Это слова из статьи Набокова «О Ходасевиче», напечатанной в журнале «Современные записки» № 68, в 1939 году, когда еще так остро было чувство утраты. Видно, Набокову была очень близка эта ирония, суховатость, свойственные поэзии Ходасевича, эта «чеканность формы», о которой он сам писал: «употребляю умышленно этот неаппетитный эпитет». Было между ними какое-то внутреннее родство, счастливое совпадение характера талантов.
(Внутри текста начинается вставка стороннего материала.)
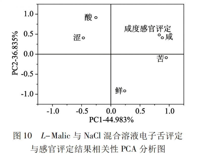 對L-Malic與 NaCl 混合溶液的感官咸度評分和電子舌所測得的咸、酸、苦、澀、鮮五組數據進行主成分分析( 如圖 10 所示) 。PC1 和 PC2 累積方差貢獻率為81.818%,“感官咸度評分”和電子舌數據“咸”在圖上位置相近,表明電子舌對溶液咸度的評分“咸”與感官咸度評分相關性較高。

И в том же номере «Современных записок» было напечатано стихотворение Набокова «Поэты», во многом связанное с Ходасевичем, своеобразный посмертный привет ему, признание общности их дела и их (и не только их двоих!) горькой эмигрантской судьбы, прощание (общее на всех) с поэзией и с жизнью. Хотя до смерти Набокова оставалось еще целых 38 лет, но он словно заканчивал счеты и с жизнью, и с поэзией вместе с Ходасевичем. Тем более что вскоре собирался уехать в США – европейская жизнь кончалась. В стихотворении среди прочего, в сложности построения и перекличек, есть и такие строфы:
<…> Пора, мы уходим: еще молодые,
со списком еще не приснившихся снов,
с последним, чуть зримым сияньем России
на фосфорных рифмах последних стихов. <…>
Сейчас переходим с порога мирского
в ту область… как хочешь ее назови:
пустыня ли, смерть, отрешенье от слова, —
а может быть проще: молчанье любви…
Молчанье далекой дороги тележной,
где в пене цветов колея не видна,
молчанье отчизны (любви безнадежной),
молчанье зарницы, молчанье зерна.
Стихотворение было подписано «Василій Шишковъ» – отчасти чтобы, подобно Ходасевичу, еще раз разыграть вечного антагониста Георгия Адамовича, и еще по ряду причин, которые разбирать здесь подробно ни к чему.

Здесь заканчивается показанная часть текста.